While Juggie and Betty are getting the wallet (and stopping for a burger mere feet away from the massive lake of blood left behind by Fred) Veronica is being a Good Girlfriend™. When she’s not saying, “No! I won’t leave you in your time of need!” she’s slipping out of her tweed (but keeping on her pearls) to join Archie in the shower while he’s washing the caked-on blood of his father off his body. Look, I’m not super great at relationships, but this seems like an icky time to get sexy.
Veronica really annoyed me this season; maybe it’s because Archie was overwrought with such pain (brought to life by AMAZING acting from K.J. Apa) that her “New York Rich Girl” arrogance felt totally juvenile. Archie’s dad is dying and you’re eating a croissant from “Bean and Beluga” (which, albeit, was my favorite line of the episode). And thinking that your mom hired the killer is kind of just a way to make a tragedy not about you about you. Hermione didn’t hire the killer, but she could cut off your supply of Birkins.
Speaking of cutting off supply, the most excellent (but too short) part of the episode, besides the superb acting from K.J. Apa (Bae-J. Apa), was Queen of White Dresses, Lady of the Lake, Red Lipstick Mogul – Cheryl Blossom. Because while Fred Andrews is having his blood-splattered Henley cut off him, Cheryl is in the hospital with her mother, Penelope.
Apparently after Cheryl put on her one-woman pyrotechnics show, Penelope pulled a “Girl on Fire” moment to go back and collect their hideous family portrait. There are things worth saving, and a painting you commissioned is not worth it. Go for the diamonds, honey. Go for your stock portfolio! In the process, Penelope got third-degree burns, which Cheryl conveniently uses while spinning her version of the truth – a breeze knocked a wayward candle into a curtain, causing the house to alight and Penelope to get those burns while saving Cheryl. This is highly believable because you know they would have tacky taste in curtains. Well-played, Cher.
This side-plot also brought us the only scene to pack some heat (excuse the pun) in a small moment between Cheryl and Penelope. Cheryl pinches Penelope’s breathing tube and tells her the new lay of the land. “If you breathe, it’s because I give you air,” she says. “If you drink water, it’s because I poured the cup. And if you move, it’s quietly and with my blessing.” After years of emotional abuse, Cheryl is using the chaos of her family to make moves. In the immortal (and yet not, because he’s dead) words of Petyr Baelish: “Chaos isn’t a well. It’s a ladder.” Cheryl is using that chaos to shimmy up to the top. And if Penelope ever steps out of line, the truth behind that night will come out. YES CHERYL.

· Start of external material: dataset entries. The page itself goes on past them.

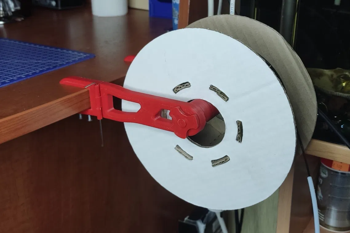 Mẫu giá đỡ cuộn filament thiết kế để gắn/cố định ở mép bàn, giúp đặt cuộn gọn gàng và cấp filament thuận tiện khi in 3D.
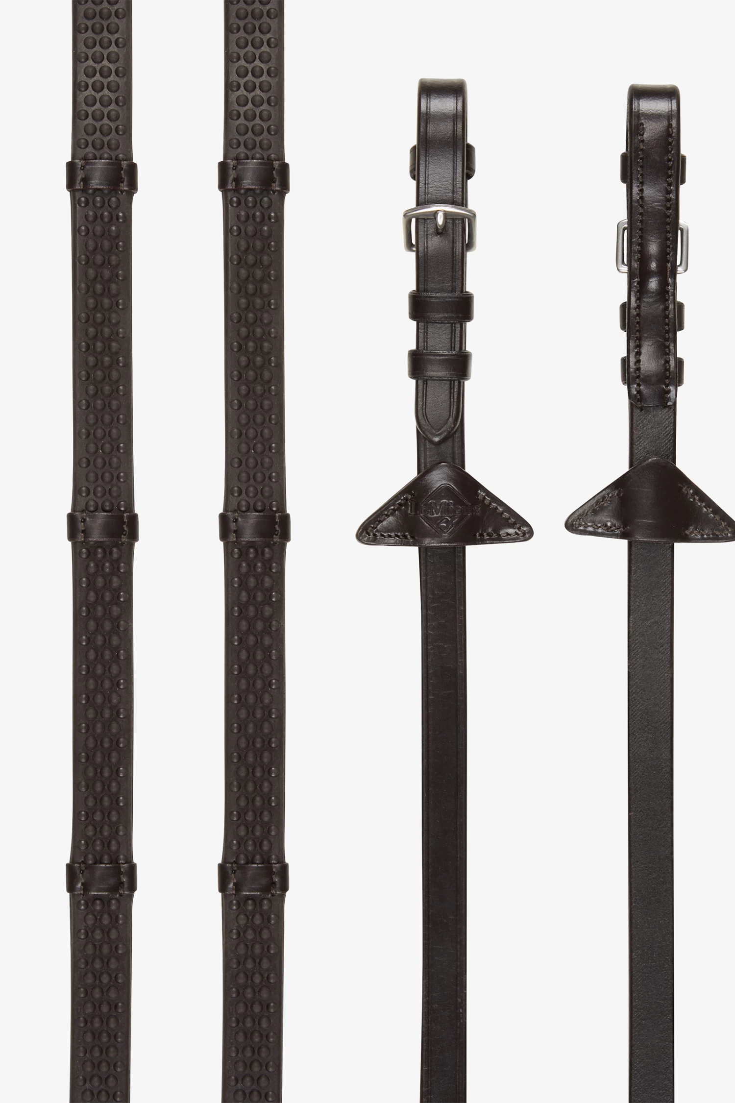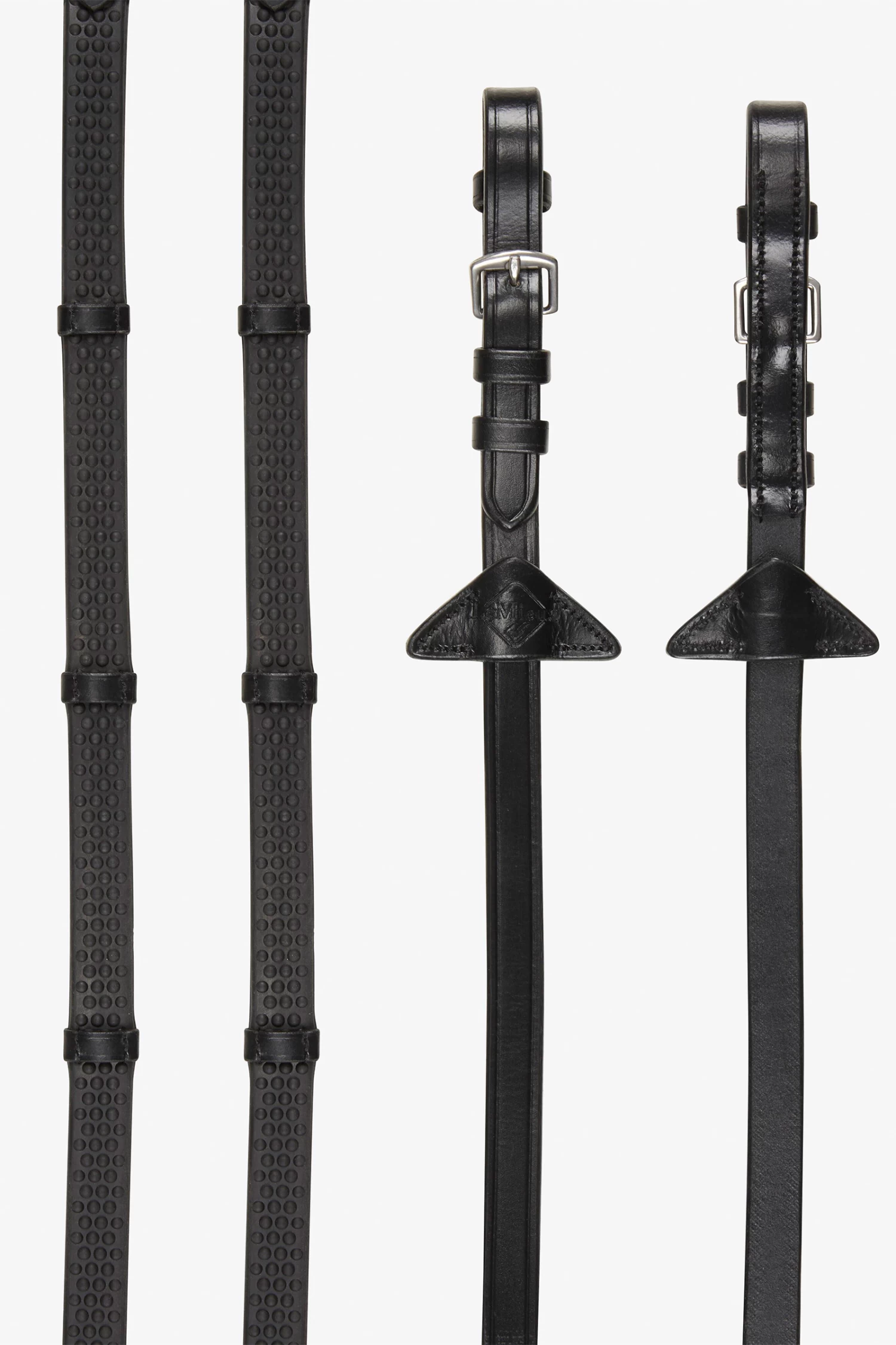 Die Eventa Gummizügel sind schön weich und flexibel und liegen leicht in der Hand des Reiters. Die Nyloneinlage verhindert ein Ausdehnen, während die Lederstopper für zusätzlichen Grip und gleichmäßige Zügelführung sorgen.
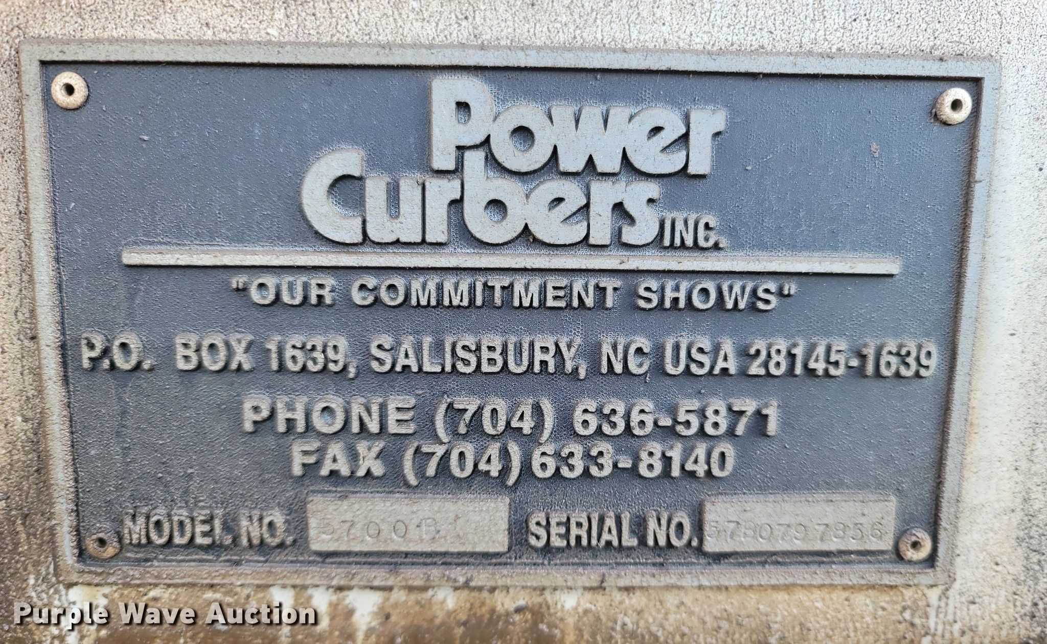 Purple Wave is selling a used Concrete Paver or Curb Machine in Missouri. This item is a Power Curber 5700D curb machine with the following: Hours: Unknown, Serial: 57B0797856
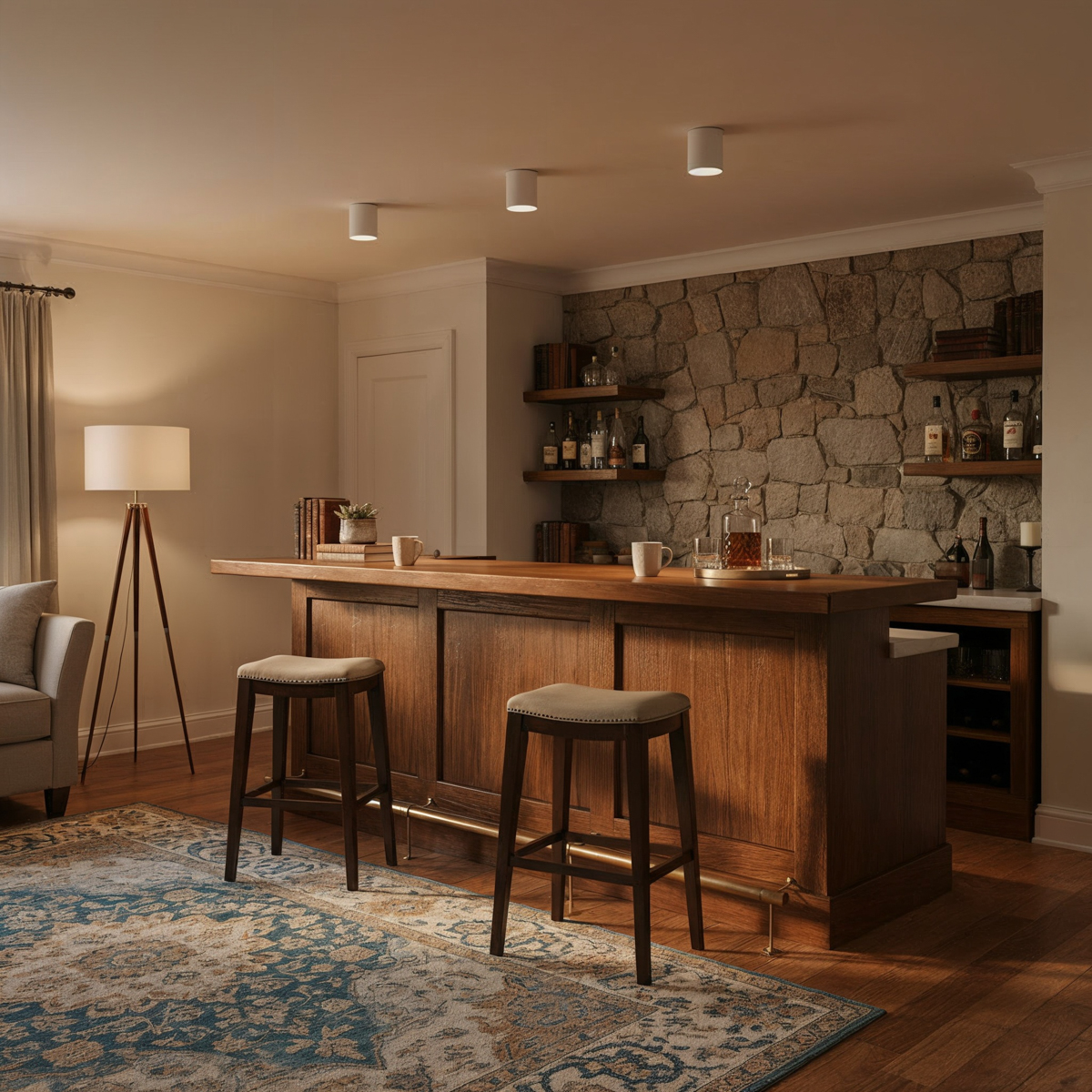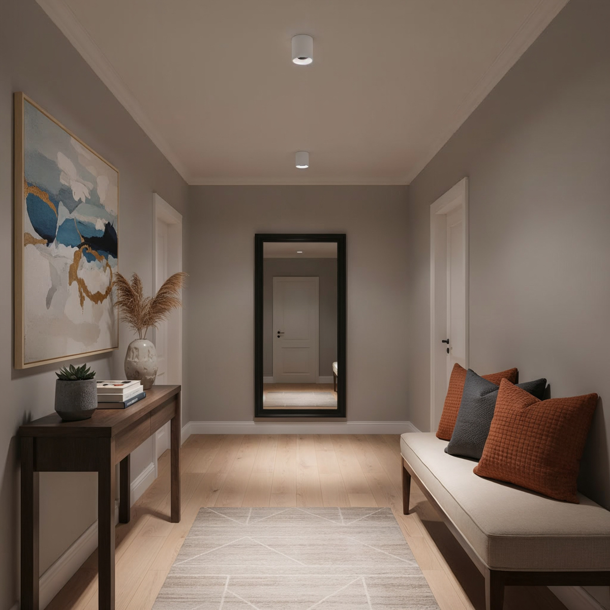 living room, bedroom, office, hall
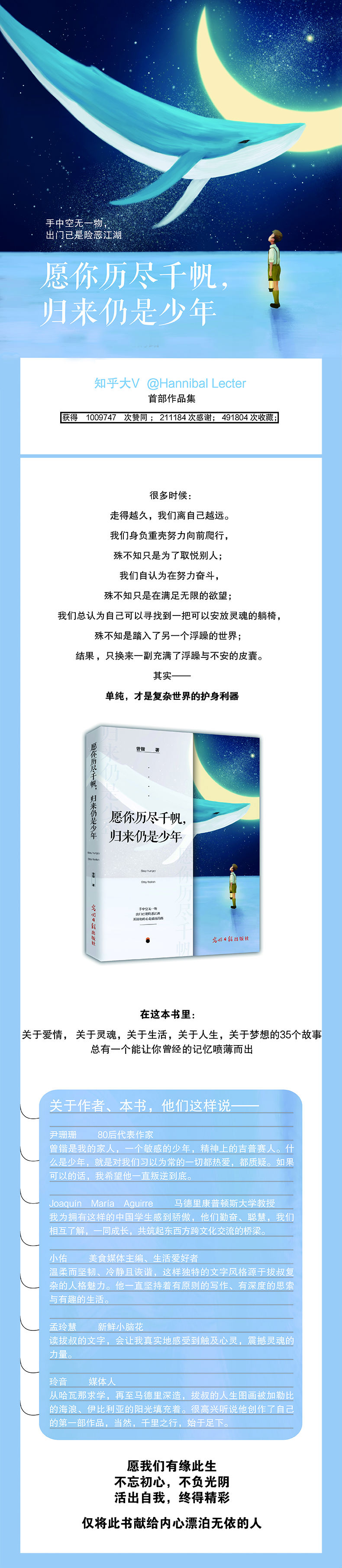 在这本曾锴著的《愿你历尽千帆归来仍是少年》里:关于爱情,关于灵魂,关于生活,关于人生,关于梦想的35个故事,总有一个能让你最初的记忆喷薄而出。
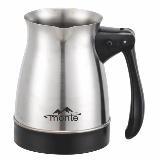 З електротуркою Monte MT-1456 Ви згадаєте неймовірний аромат кави, який розносився з кухні по всій квартирі, коли пінка піднімалася до країв старенької алюмінієвої турки. На щастя, цей прилад та сама турка, але її не потрібно "ганяти" на плиті, все зробить вбудований електропідігрів.
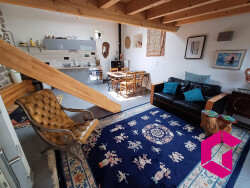 En annexe, un appartement indépendant comprenant un salon avec cuisine ouverte, une salle d'eau, une chambre en mezzanine et un poêle à granulés.
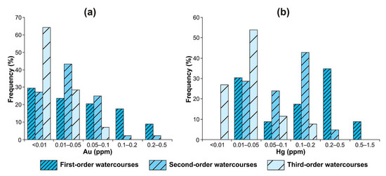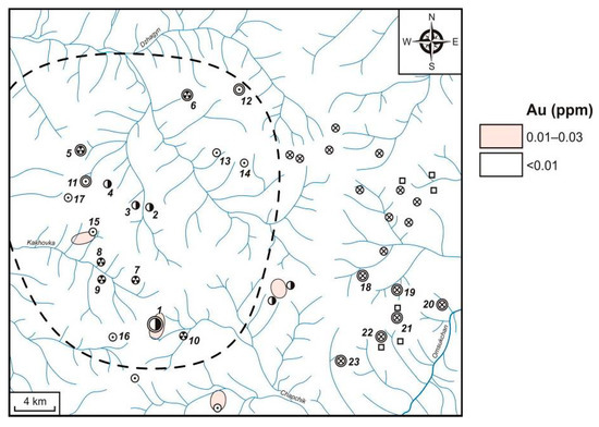 All the areal geochemical surveys of LSSs were performed according to standard techniques [16,85]. Systematic lithochemical point sampling was carried out from loose alluvial sediments of actual watercourses (Figure 3).
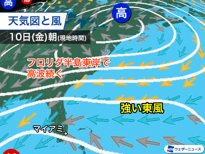 北アメリカの北部に中心をもつ優勢な高気圧の南の縁に沿って、強い東寄りの風が吹いています。大西洋から長い距離を経てフロリダ半島に風が吹き付け、沿岸部では高波となる見込みです。

Between Cheryl and Archie, I’m tired of the hot redheads pulling all the weight! We can’t be expected to do everything.
The entire episode, it’s clear that Archie is holding something back from his retelling of what happened. First with the rest of the Sleuthsters, then with Sheriff Keller. And when it does come to light, that Archie froze in trauma when the gunman turned his weapon onto Archie, it’s almost so underwhelming that the implications are forgotten. Archie is so wracked with guilt that he froze (a totally regular response), but we have to wonder? Why did the gunman not shoot Archie? What stopped him, or what scared him away?
And while Fred recuperates in the family home, tended to by Mrs. Andrews, Archie sets up shop in their entryway, sitting on an old trunk and tapping a baseball bat against the ground. But fear not, Bae-J, because, as Juggie tells us, the Green-Eyed Man was across Sweetwater River in Greendale, where Ms. Grundy had her Lolita-glasses set on a new boytoy. After reminding us that she’s a fucking creep, the Green-Eyed Man comes up behind her and kills her, slicing her throat with the bow of her cello.
And I had to wonder, as Ms. Grundy’s feet flopped out of her kitten-heeled Mary-Jane’s, “Why is everyone circling Archie circling the drain?”